Three different neurotransmitters, dopamine, serotonin, and glutamate, have each spawned hypotheses about the neurochemical alterations in schizophrenia. The receptors for these neurotransmitters, as well as for many therapeutic drugs, are members of the largest class of signaling molecules in the human genome, the G-protein coupled receptors (GPCRs). The recent identification of a molecular complex in the brain made up of a pair of GPCRs, one for glutamate and another for serotonin, may provide insight into the neurochemistry of schizophrenia and the mechanism of action of antipsychotic medications commonly used in pediatric patients (1).

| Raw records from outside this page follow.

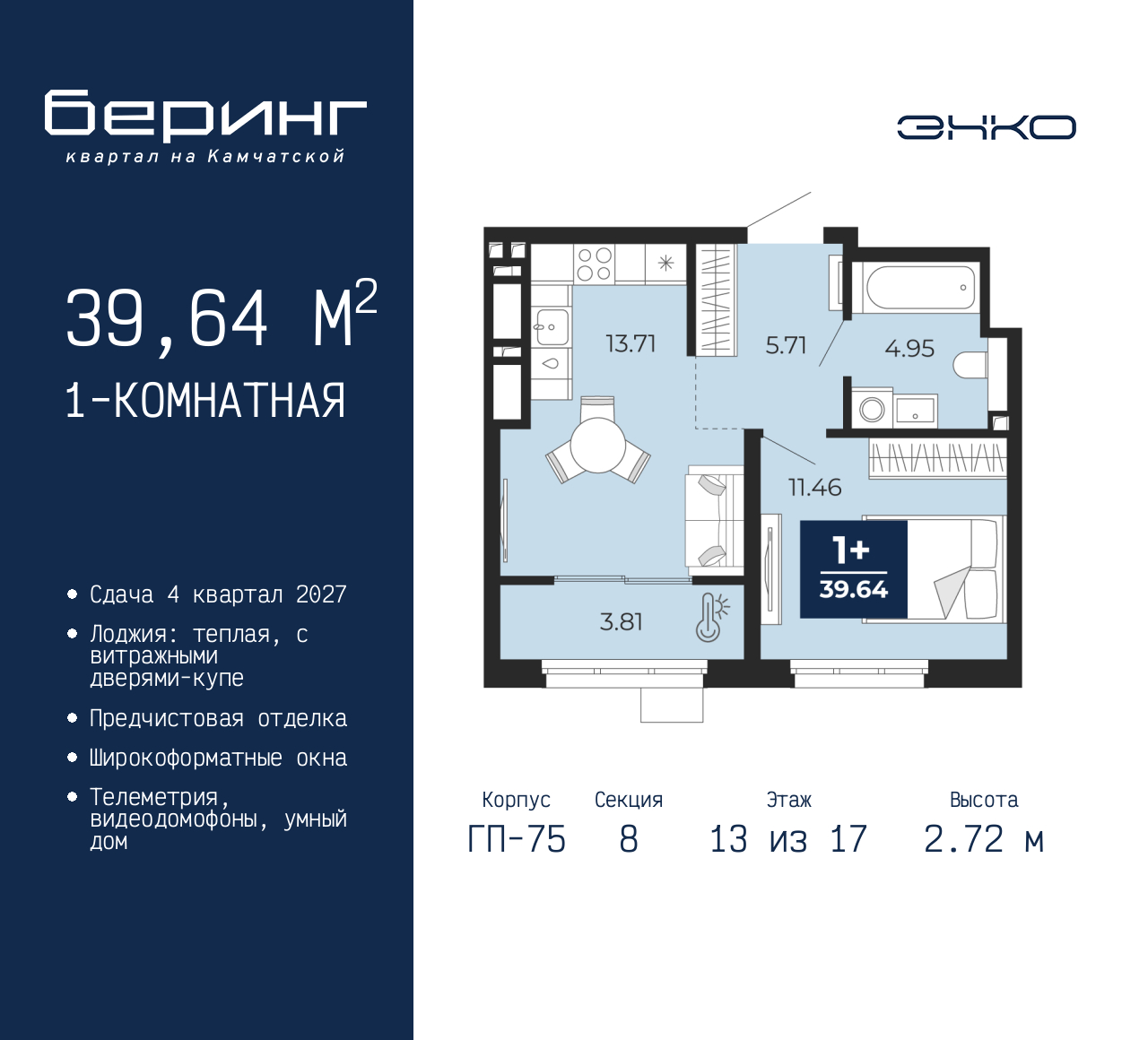 Однокомнатная квартира от застройщика с предчистовой отделкой в ЖК "Беринг" на 13 этаже. Общая площадь: 39.64 кв.м., жилая: 11.46 кв.м., площадь просторной кухни-столовой: 13.71 кв.м. Все окна выходят на одну сторону. В квартире одна лоджия, один совмещенный санузел. Высота потолков 2.72 м. Дом монолитный, многоподъездный, переменной этажности, от 17 до 24 этажей. Квартира находится в 8-й секции высотой 17 этажей в корпусе ГП-75. На этаже 8 квартир. В подъезде 2 пассажирских и 1 грузовой лифт. Окончание строительства - 4 квартал 2027 года. Оформление сделки по договору долевого участия. Подобно знаменитому исследователю, мы чувствуем себя первооткрывателями этой локации. Хотим показать новую суть места, сформировать для вас жизненный опыт, которого ещё не было. Беринг — район зелёного цвета. Беринг — район, который откроется вам с другой стороны. Впечатлит новым уровнем комфорта и качеством жизни. Беринг — открытие на карте города. Первый квартал расположен в районе Тура, в границах улиц: Камчатская – Западносибирская – Энтузиастов. Вокруг уже есть всё для того, чтобы ежедневная рутина была лишь частью жизни и не доставляла дискомфорта. Школы и детские сады, магазины и аптеки, поликлиника, места для семейного отдыха, пеших и велопрогулок, и даже рыбалки. Масштабное озеленение дворов — визитная карточка ЭНКО и ваш оазис спокойствия, чтобы отвлечься от повседневности. Раскидистые деревья, кустарники, травы и цветы — осталось остановиться, вдохнуть и расслабиться, глядя на эту природную красоту. Стилистика подъездов продолжает концепцию Беринга, вдохновлённого Камчаткой: сдержанный, но при этом впечатляющий дизайн соседствует с удобством и функциональностью. (AQID02529598)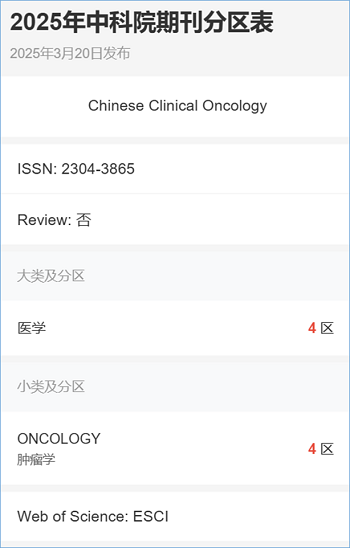 期刊信息:CHINESE CLINICAL ONCOLOGY被ESCI收录,IF 2.5,JCR Q3。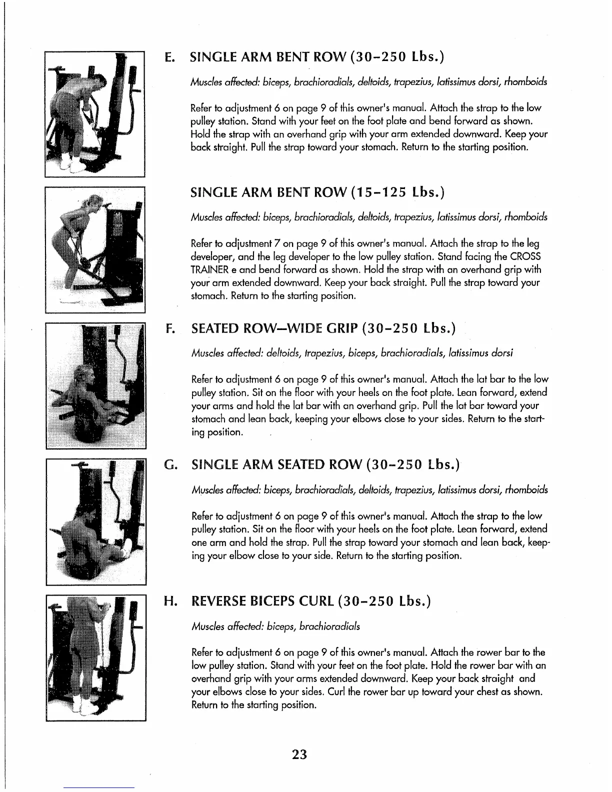 Pro-Form Cross Trainer - Single Arm Bent Row; Seated Row-Wide Grip; Single Arm Seated Row; Reverse Biceps Curl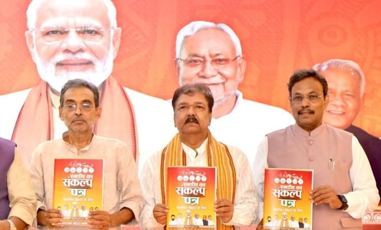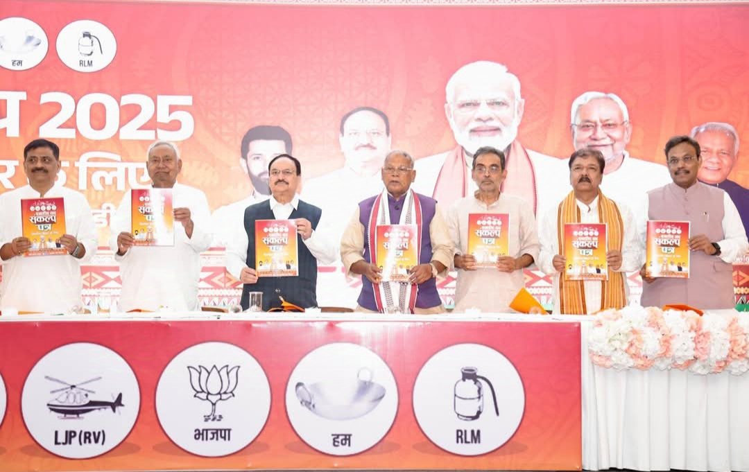 पटना। बिहार विधान सभा चुनाव 2025 के लिए एनडीए द्वारा साझा संकल्प पत्र मुख्य मंत्री नीतीश कुमार, उप मुख्यमंत्री सम्राट चौधरी, बिहार भाजपा प्रदेश अध्यक्ष डॉ दिलीप जायसवाल, केंद्रीय मंत्री सह हम सुप्रीमो जीतन राम मांझी, केंद्रीय मंत्री सह लोजपा सुप्रीमो चिराग पासवान, राष्ट्रीय लोक मोर्चा सुप्रीमो उपेन्द्र कुशवाहा, नितीन नवीन आदि ने जारी किया। बिहार के विकास से संबंधित कई योजनाओं का कार्यान्वयन समय करने का वायदा भी किया गया। बिहार विधानसभा चुनाव के लिए एनडीए ने अपना साझा चुनावी घोषणा पत्र जारी कर दिया है। एनडीए संकल्प पत्र में रोजगार, विकास, शिक्षा, स्वास्थ्य से जुड़े 25 प्रमुख वादे किए गए हैं। इस दौरान मुख्यमंत्री एवं जेडीयू अध्यक्ष नीतीश कुमार, भाजपा के राष्ट्रीय अध्यक्ष जेपी नड्डा, लोजपा (रामविलास) के मुखिया चिराग पासवान, हिंदुस्तान आवाम मोर्चा (हम) के सुप्रीमो जीतनराम मांझी और राष्ट्रीय लोक मोर्चा (आरएलएम) के चीफ उपेंद्र कुशवाहा समेत एनडीए के अन्य नेता मौजूद रहे। बिहार एनडीए के संकल्प पत्र के प्रमुख वादे- 1 करोड़ सरकारी नौकरी एवं रोजगार कौशल जनगणना करके कौशल आधारित रोजगार प्रदान किए जाएंगे। हर जिले में मेगा स्किल सेंटर स्थापित करके बिहार को ग्लोबल स्किलिंग सेंटर के रूप में स्थापित किया जाएगा। मुख्यमंत्री महिला रोजगार योजना के तहत महिलाओं को 2 लाख रुपये तक की सहायता राशि दी जाएगी। एक करोड़ महिलाओं को ‘लखपति दीदी’ बनाया जाएगा। ‘महिला मिशन करोड़पति’ के माध्यम से चिह्नित महिला उद्यमियों को करोड़पति बनाने की दिशा में काम किया जाएगा। अतिपिछड़ा वर्ग के विभिन्न व्यावसायिक समूहों को 10 लाख रुपये की सहायता दी जाएगी। सुप्रीम कोर्ट के रिटायर्ड जज की अध्यक्षता में एक उच्च स्तरीय समिति का गठन किया जाएगा, जो अतिपिछड़ा वर्ग की विभिन्न जातियों के सामाजिक और आर्थिक स्थिति का आकलन करके उनके सशक्तीकरण के लिए न्यायोचित कदम उठाने हेतु सरकार को सुझाव देगी। हर किसान का सम्मान, हर फसल का सही दाम। कर्पूरी ठाकुर किसान सम्मान निधि की शुरुआत करके किसानों को प्रति वर्ष 3000 रुपये, कुल 9,000 रुपये का लाभ दिया जाएगा।एग्री-इंफ्रास्ट्रक्चर में ₹1 लाख करोड़ का निवेश किया जाएगा। पंचायत स्तर पर सभी प्रमुख फसलों (धान, गेहूं, दलहन, मक्का) की एमएसपी पर खरीद की जाएगी। ‘मत्स्य-दुग्ध मिशन’ योजना से प्रत्येक मत्स्य पालक को कुल 9,000 रुपये का लाभ दिया जाएगा। ‘बिहार दुग्ध मिशन’ की शुरुआत करके हर प्रखंड स्तर पर चिलिंग व प्रोसेसिंग सेंटर्स स्थापित किए जाएंगे। 5 मेगा फूड पार्क स्थापित किए जाएंगे और कृषि निर्यात दोगुना किया जाएगा। 2030 तक दलहन उत्पादन में आत्मनिर्भरता प्राप्त की जाएगी। बिहार गति शक्ति मास्टर प्लान 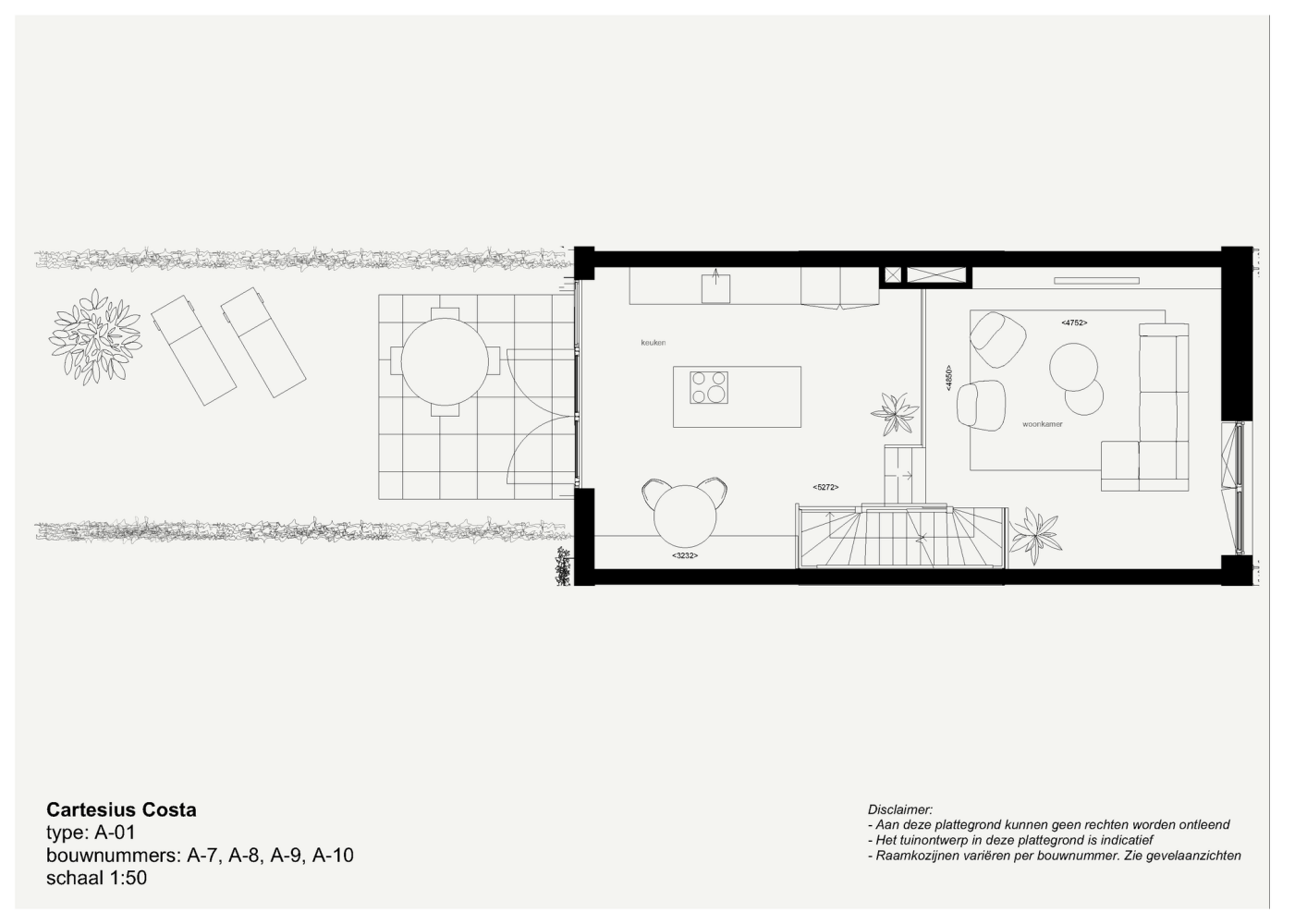 De stadswoningen A-07 t/m A-21 hebben een begane grond en eerste verdieping die voorbereid zijn op het plaatsen een keuken, pantry of mooie bar als onderdeel van het interieur. Standaard is er voorzien in een stelpost voor de circulaire Cartesius Circo keuken; een primeur in samenwerking met Bruynzeel Keukens. Vanaf de split level verdieping stap je zo je privétuin in. Tot 25 juni 2025 a.s. bieden we je de unieke mogelijkheid te kiezen uit drie speciaal ontworpen tuinindelingen! Deze groene oase is groter dan je eigen privétuin, het loopt naadloos over in de grote binnentuin van Nicoya; een rustig, bloemenrijk groen paradijs om het hele jaar van te genieten.
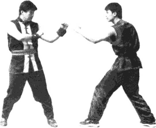 【例2】内帘横拍打直 拳。双方对峙准备格斗(见 图340);乙方用左冲拳向甲方中路迸攻,甲方即以左拍掌 拍打乙方左拳的内帘,突然下按并以右冲拳直打乙方的胸部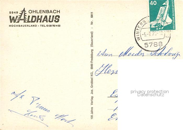 72936553 alte Postkarte Ohlenbach Waldhaus Berggaststaette Restaurant postalisch gelaufen Erhaltung siehe scans [FriedD77] KatCode: 11110005958040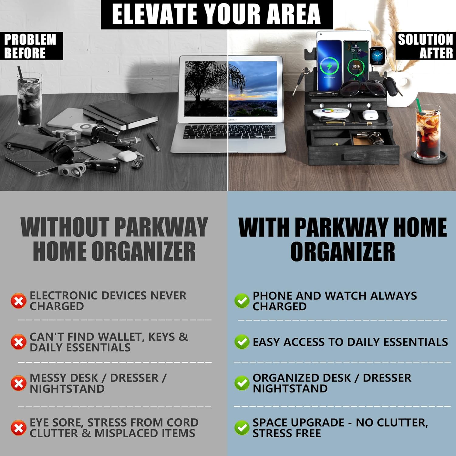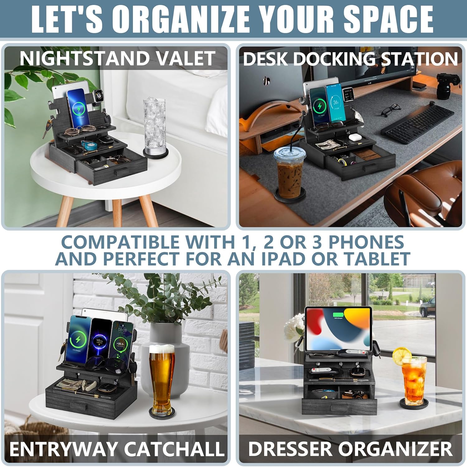 - 🔌TAKE CONTROL OF YOUR GEAR - AND YOUR LIFE: Tired of tangled wires? Had it with clutter and chaos? Check out this phone docking station for men and women; It keeps your phones and tablets charging, your cables neatly organized, and your everyday must-haves right there at your fingertips; So you can grab what you need when you need it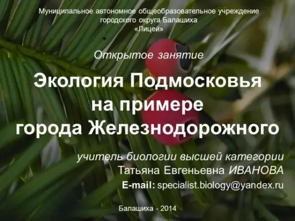 В статье разработан вариант открытого занятия по биологии для учащихся 9-го класса, посвященного экологической тематике родного края. Рассматривается экологическое состояние различных функциональных зон (селитебной, рекреационной и промышленной), атмосферного воздуха и водных объектов, затрагивается проблема отходов производства и потребления г.Железнодорожного как современного промышленного центра Подмосковья.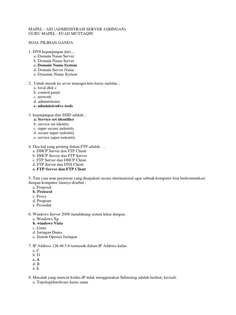 Kumpulan soal dan jawaban administrasi sistem jaringan asj salam literasi. Contoh file soal uas ekonomi kelas xi semester 2 dan kunci jawaban berikut ini adalah kumpulan dari berbagi sumber tentang soal dan kunci jawaban basis data rpl smk kelas 12 semester 1 yang bisa gunakan untuk wallpaper dan diunduh secara gratis dengan menekan tombol download biru dibawah ini. Pusat koneksi untuk trafic jaringan komputer (host) berupa. Jelaskan pengertian shared hosting jawab: soal uts administrasi system jaringan kelas.

The discovery of the structural and functional relationship of these receptors evolved from work on the mechanism of action of hallucinogenic chemicals that are related to serotonin. Natural hallucinogens, such as mescaline or psilocybin, and synthetic hallucinogens, such as lysergic acid diethylamide, cause their neuropsychological effects by activating the serotonin 2A receptor, a brain GPCR. Because the effects of hallucinogens have only some similarities to the perceptual and affect disturbances experienced in schizophrenia, the usefulness of studying hallucinogens as a model for schizophrenia has been debated. Supporting the relevance of studying hallucinogens to understand schizophrenia, however, is the observation that the serotonin 2A receptor also interacts with atypical antipsychotic medications used to treat schizophrenia, such as risperidone and clozapine.

Surprisingly, the serotonin 2A receptor was discovered to form a functional molecular complex with a different GPCR, the metabotropic glutamate 2 receptor. Interestingly, the brains of untreated patients with schizophrenia showed increased levels of the serotonin receptor and decreased levels of the glutamate receptor. The recent success of a phase II clinical trial for a member of a new class of antipsychotic drugs that binds to and activates the metabotropic glutamate 2 receptor also suggests that this complex may play a role in the altered thinking processes of schizophrenia (2).

The new complex includes the serotonin receptor that binds hallucinogens and is blocked by atypical antipsychotic medications, as well as the glutamate receptor that binds glutamate antipsychotic drugs under development. This suggests that these two different classes of schizophrenia drugs may be acting at different components of the same molecular complex. Supporting this notion are several observations. Lysergic acid diethylamide and other hallucinogens cause a particular pattern of neuronal signaling when acting at this complex. Further, the hallucinogen response is suppressed by drugs that activate the glutamate receptor component. Perhaps the changes in the two receptors found in the brains of untreated patients with schizophrenia alter the integration of glutamate and serotonin signaling in a way that predisposes to psychosis.

The first class of drugs developed for schizophrenia, which includes antipsychotics like chlorpromazine and haloperidol, are believed to work via a different GPCR target, the dopamine D2 receptor. At this time, the relationship of dopamine signaling to the serotonin-glutamate receptor complex is unknown. Nonetheless, the discovery of the serotonin-glutamate receptor pair suggests that the mechanisms for the perceptual disturbances caused by hallucinogenic drugs of abuse, for the disordered thought processes in schizophrenia and for the actions of two important classes of antipsychotic medications may be related. The existence of this complex could help integrate hypotheses about the contributions of serotonin signaling and of glutamate signaling to the symptoms of schizophrenia and may facilitate the development of drugs to treat psychosis.